1. The input dataset is a table in first normal form ([1NF](https://en.wikipedia.org/wiki/First_normal_form)).
2. When implementing differential privacy, DataSynthesizer injects noises into the statistics within **active domain** that are the values presented in the table.

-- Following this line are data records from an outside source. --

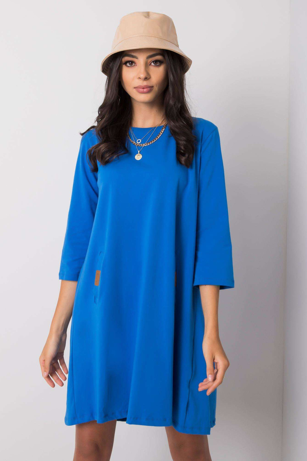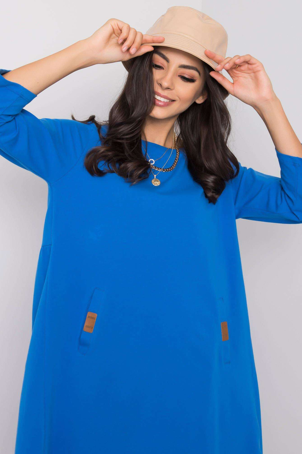 Suknelės matmenys S/M dydžiu, matuojamas plokščias: plotis ties pažastimis - 53 cm, bendras ilgis - 84 cm, rankovių ilgis - 41 cm
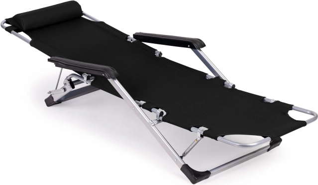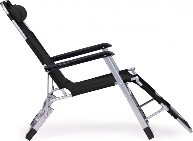 Ergonomiką papildo minkštas galvos atlošas kaklui ir galvai, 3 padėčių kojų atrama ir praktiški porankiai. Neslystančios kojelės saugo paviršių nuo įbrėžimų ir didina stabilumą ilsintis ar deginantis.
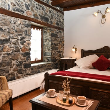 Παραδοσιακά δωμάτια με τζάκι και σύγχρονες ανέσεις για άνετη διαμονή.
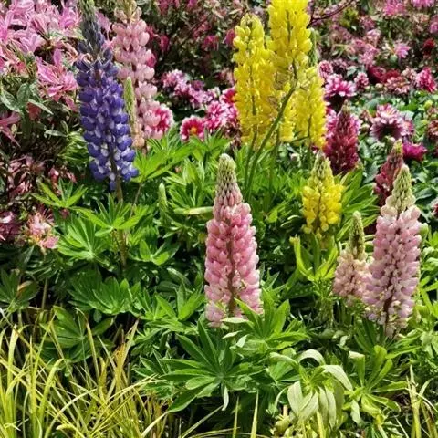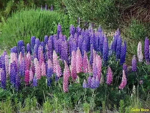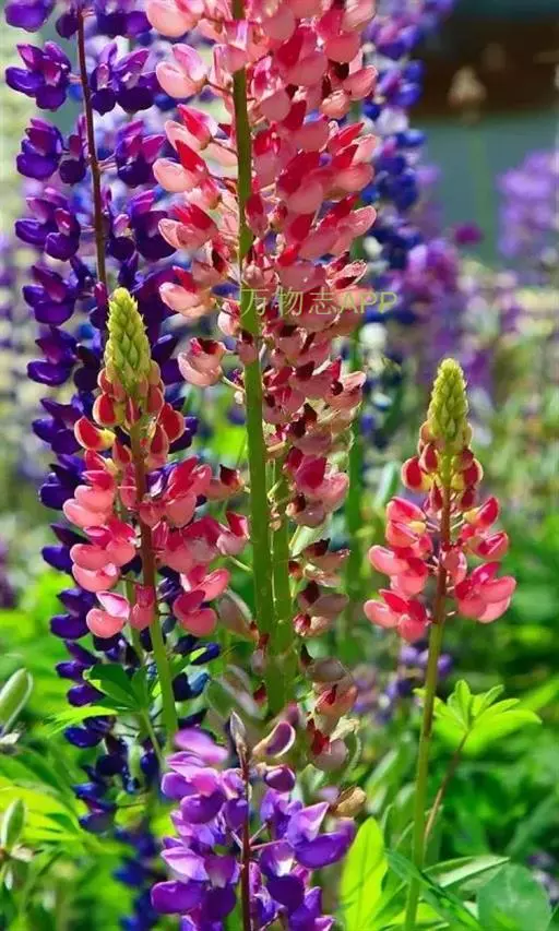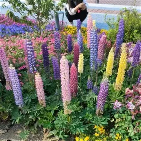 羽扇豆俗称鲁冰花,花序挺拔、丰硕,花色艳丽多彩,有白、红、蓝、紫等变化,而且花期长,可用于片植或在带状花坛群体配植,同时也是切花生产的好材料。
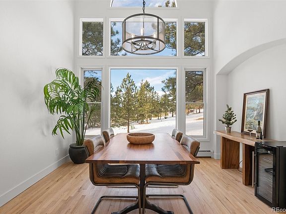 Stunning Mountain Contemporary in prestigious Hiwan! This spacious 6 bedroom, 4 bath home has been beautifully remodeled and charms with an abundance of natural light flowing through the high ceilings and the open floorplan with refinished hardwood floors. Entertain your family and friends in the great room by the fireplace with a stunning stonewall. Invite them to the living room with gas fireplace and wet bar to access the back deck for a dip in the hot tub. The adjacent gourmet kitchen with new island and new quartz countertops has a large bay window, Bosch & GE appliances, double self-cleaning oven, and down draft. You will love the new lights fixtures on the main floor and the views from the formal dining room. The office has custom-built shelving and desk. New front door. All bathrooms were upgraded and feature new quartz countertops, sinks, and tiles. The generous and airy 5-piece main bath has a 2-sided fireplace, deep soaking tub, new tiled floor/shower and walnut framed mirrors. You will sleep heavenly under vaulted ceilings in the spacious main bedroom. All carpeting upstairs is new. The fully finished, garden-level basement features another living room, 2 bedrooms and a bathroom. The adjacent bonus room is fully finished and makes a great workshop or art room with tray ceiling, recess lights, separate storage room and washer/dryer hook-up. Other features: new boiler, new casing in basement, new trims/baseboards, new sliding door, new screens, new firedoor to garage. ** Solar panels (paid off) ** Evergreen offers best mountain living, fantastic recreational activities year-round, easy access into Downtown, to the airport or into the mountains. 2022-01-10
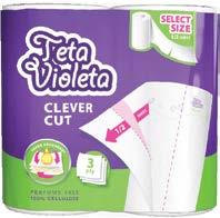 Teta Violeta Clever Cut Picnic kuhinjski ubrusi su inovativno rešenje za uštedu i ekonomičnost, ali i za mrlje za koje ne želimo da koristimo ceo list papira. Teta Violeta Clever Cut Picnic kuhinjski ubrusi napravljeni su od 100% celuloze i potpuno su bezbedni u kontaktu sa hranom. Tri sloja omogućavaju maksimalnu moć apsorpcije. Štampa u boji na papiru, dobijena od boja koje, se koriste u prehrambenoj industriji.
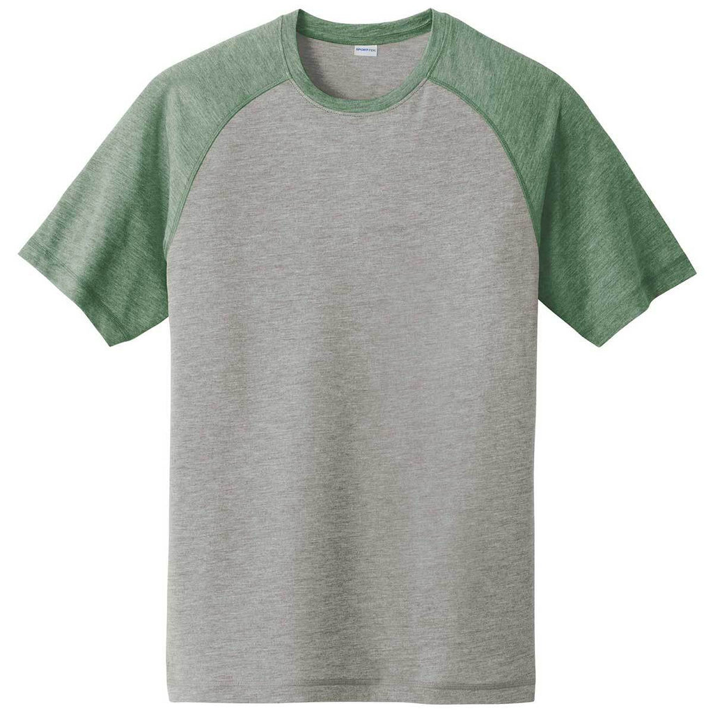 Sport-Tek Men's Forest Green Heather/Light Grey Heather PosiCharge Tri-Blend Wicking Raglan Tee
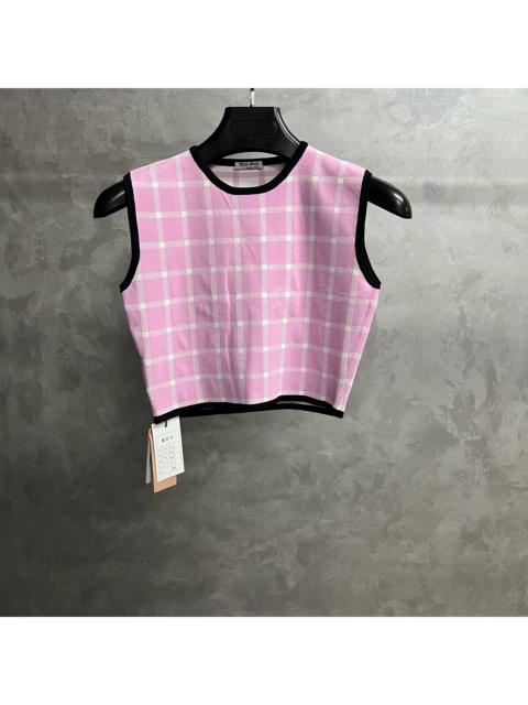 - Miu MiuMiu Miu pink plaid crew neck sleeveless vest

##### Use Jupyter Notebook

After installing DataSynthesizer and [Jupyter Notebook](https://jupyter.org/install), open and try the demos in `./notebooks/`

- [DataSynthesizer__random_mode.ipynb](notebooks/DataSynthesizer__random_mode.ipynb)
- [DataSynthesizer__independent_attribute_mode.ipynb](notebooks/DataSynthesizer__independent_attribute_mode.ipynb)
- [DataSynthesizer__correlated_attribute_mode.ipynb](notebooks/DataSynthesizer__correlated_attribute_mode.ipynb)

##### Use Web UI

The [dataResponsiblyUI](https://github.com/DataResponsibly/dataResponsiblyUI) is a Django project that includes DataSynthesizer. Please follow the steps in [Run the Web UIs locally](https://github.com/DataResponsibly/dataResponsiblyUI#run-the-web-uis-locally) and run DataSynthesizer by visiting http://127.0.0.1:8000/synthesizer in a browser.



# History

## 0.1.0 - 2020-06-11

* First release on PyPI.

## 0.1.1 - 2020-07-05

### Bugs Fixed

* Numpy error when synthesising data with unique identifiers. - [Issue #23](https://github.com/DataResponsibly/DataSynthesizer/issues/23) by @raids

## 0.1.2 - 2020-07-19

### Bugs Fixed

* infer_distribution() for string attributes fails to sort index of varying types. - [Issue #24](https://github.com/DataResponsibly/DataSynthesizer/issues/24) by @raids

## 0.1.3 - 2020-09-13

### Bugs Fixed

* The dataframes are not appended into the full space in get_noisy_distribution_of_attributes(). - [Issue #26](https://github.com/DataResponsibly/DataSynthesizer/issues/26) by @zjroth

## 0.1.4 - 2021-01-14

### Bugs Fixed

* Fix a bug in candidate key identification.

## 0.1.5 - 2021-03-11

### What's New

* Downgrade required Python from >=3.8 to >=3.7.

## 0.1.6 - 2021-03-11

### What's New

* Update example notebooks.

## 0.1.7 - 2021-03-31

### Bugs Fixed

* Fixed an error in Laplace noise parameter. - [Issue #34](https://github.com/DataResponsibly/DataSynthesizer/issues/34) by @ganevgv

## 0.1.8 - 2021-04-09

### Bugs Fixed

* The randomness seeding is effective across the entire project now.

## 0.1.9 - 2021-07-18

### Bugs Fixed

* Optimized the datetime datatype detection.

## 0.1.10 - 2021-11-15

### Bugs Fixed

* Seed the randomness in `greedy_bayes()`.